■ The problem
Restate the listing word for word; omit the images.

■ The input
____

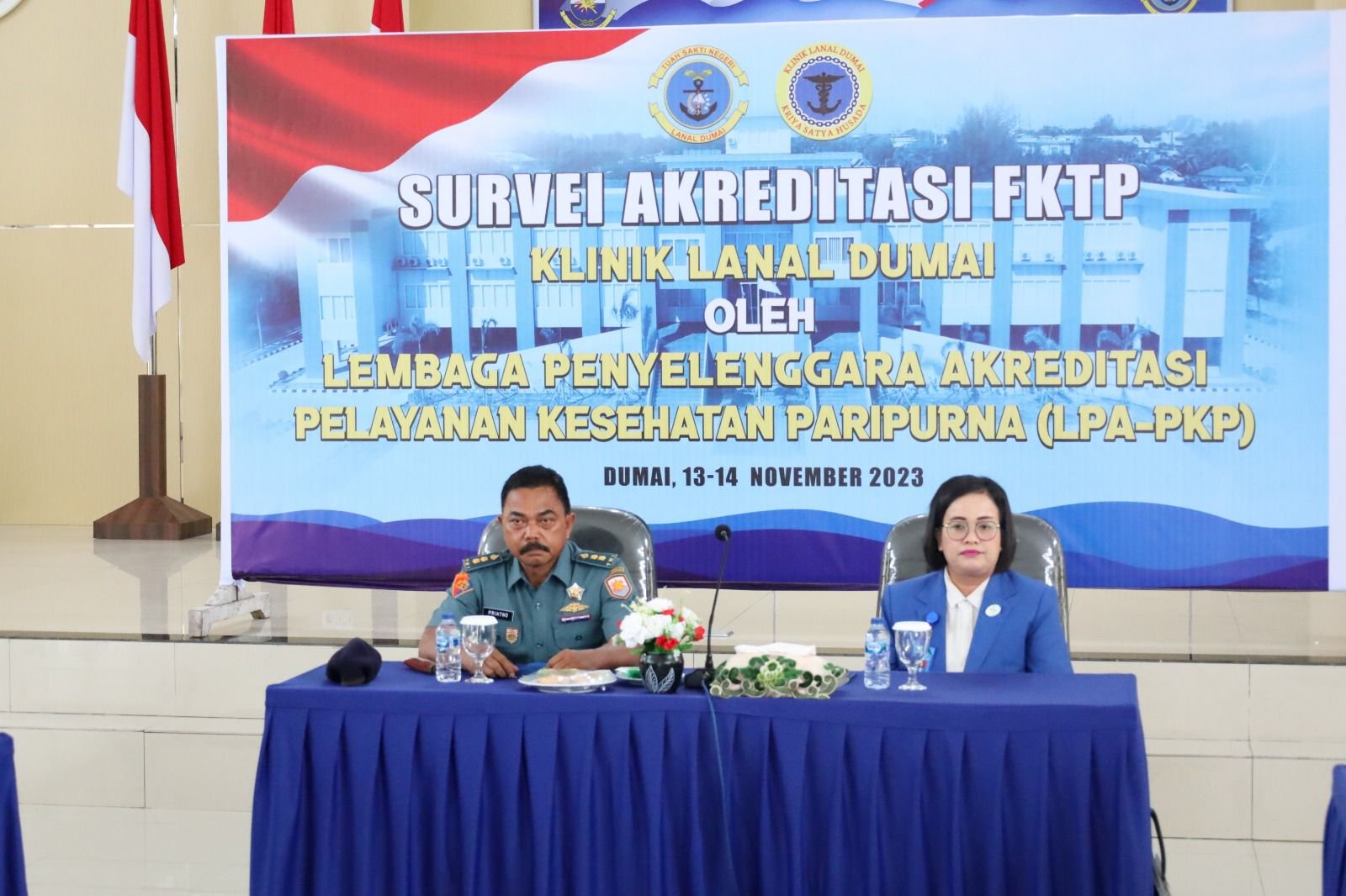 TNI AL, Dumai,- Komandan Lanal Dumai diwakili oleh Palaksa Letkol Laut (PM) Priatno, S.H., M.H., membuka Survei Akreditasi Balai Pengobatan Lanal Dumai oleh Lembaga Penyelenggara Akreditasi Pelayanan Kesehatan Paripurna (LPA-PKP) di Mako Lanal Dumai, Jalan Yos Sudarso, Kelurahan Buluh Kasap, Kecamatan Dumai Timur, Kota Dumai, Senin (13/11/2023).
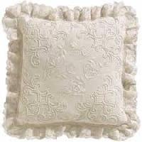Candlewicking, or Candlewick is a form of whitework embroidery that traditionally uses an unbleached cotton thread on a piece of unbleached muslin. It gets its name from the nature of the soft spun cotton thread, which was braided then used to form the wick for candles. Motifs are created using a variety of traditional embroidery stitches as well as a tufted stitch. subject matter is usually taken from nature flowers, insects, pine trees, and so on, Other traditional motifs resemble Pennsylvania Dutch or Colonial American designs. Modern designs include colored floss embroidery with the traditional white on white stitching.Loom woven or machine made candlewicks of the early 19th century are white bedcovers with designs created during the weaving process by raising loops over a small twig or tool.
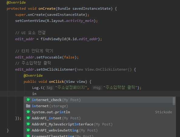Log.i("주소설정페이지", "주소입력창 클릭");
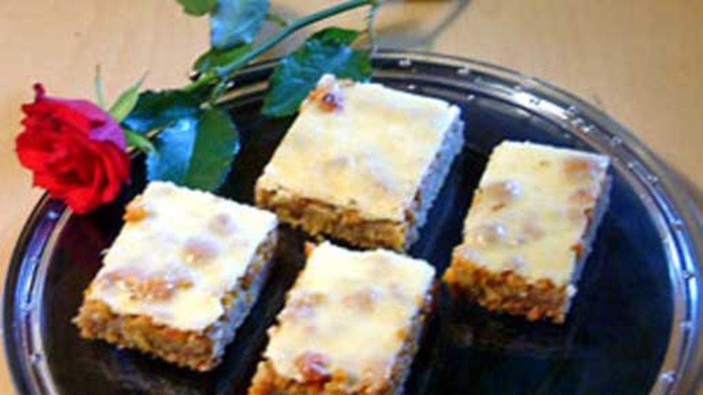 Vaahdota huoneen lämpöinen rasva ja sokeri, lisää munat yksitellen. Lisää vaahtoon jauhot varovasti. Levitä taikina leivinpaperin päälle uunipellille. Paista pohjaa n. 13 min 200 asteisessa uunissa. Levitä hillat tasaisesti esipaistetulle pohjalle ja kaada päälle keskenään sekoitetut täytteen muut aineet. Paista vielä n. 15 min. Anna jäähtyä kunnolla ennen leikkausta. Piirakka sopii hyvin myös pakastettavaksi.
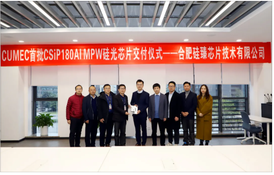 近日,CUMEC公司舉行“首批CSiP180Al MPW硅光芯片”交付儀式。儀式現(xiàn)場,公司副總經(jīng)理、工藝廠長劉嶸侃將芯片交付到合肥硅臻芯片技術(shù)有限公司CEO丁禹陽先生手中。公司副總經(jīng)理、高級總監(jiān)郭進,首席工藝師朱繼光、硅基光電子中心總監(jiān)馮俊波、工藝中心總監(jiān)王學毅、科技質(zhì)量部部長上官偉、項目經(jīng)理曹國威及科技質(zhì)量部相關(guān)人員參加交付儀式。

____

■ Task answer
 TNI AL, Dumai,- Komandan Lanal Dumai diwakili oleh Palaksa Letkol Laut (PM) Priatno, S.H., M.H., membuka Survei Akreditasi Balai Pengobatan Lanal Dumai oleh Lembaga Penyelenggara Akreditasi Pelayanan Kesehatan Paripurna (LPA-PKP) di Mako Lanal Dumai, Jalan Yos Sudarso, Kelurahan Buluh Kasap, Kecamatan Dumai Timur, Kota Dumai, Senin (13/11/2023).
Candlewicking, or Candlewick is a form of whitework embroidery that traditionally uses an unbleached cotton thread on a piece of unbleached muslin. It gets its name from the nature of the soft spun cotton thread, which was braided then used to form the wick for candles. Motifs are created using a variety of traditional embroidery stitches as well as a tufted stitch. subject matter is usually taken from nature flowers, insects, pine trees, and so on, Other traditional motifs resemble Pennsylvania Dutch or Colonial American designs. Modern designs include colored floss embroidery with the traditional white on white stitching.Loom woven or machine made candlewicks of the early 19th century are white bedcovers with designs created during the weaving process by raising loops over a small twig or tool.
Log.i("주소설정페이지", "주소입력창 클릭");
 Vaahdota huoneen lämpöinen rasva ja sokeri, lisää munat yksitellen. Lisää vaahtoon jauhot varovasti. Levitä taikina leivinpaperin päälle uunipellille. Paista pohjaa n. 13 min 200 asteisessa uunissa. Levitä hillat tasaisesti esipaistetulle pohjalle ja kaada päälle keskenään sekoitetut täytteen muut aineet. Paista vielä n. 15 min. Anna jäähtyä kunnolla ennen leikkausta. Piirakka sopii hyvin myös pakastettavaksi.
 近日,CUMEC公司舉行“首批CSiP180Al MPW硅光芯片”交付儀式。儀式現(xiàn)場,公司副總經(jīng)理、工藝廠長劉嶸侃將芯片交付到合肥硅臻芯片技術(shù)有限公司CEO丁禹陽先生手中。公司副總經(jīng)理、高級總監(jiān)郭進,首席工藝師朱繼光、硅基光電子中心總監(jiān)馮俊波、工藝中心總監(jiān)王學毅、科技質(zhì)量部部長上官偉、項目經(jīng)理曹國威及科技質(zhì)量部相關(guān)人員參加交付儀式。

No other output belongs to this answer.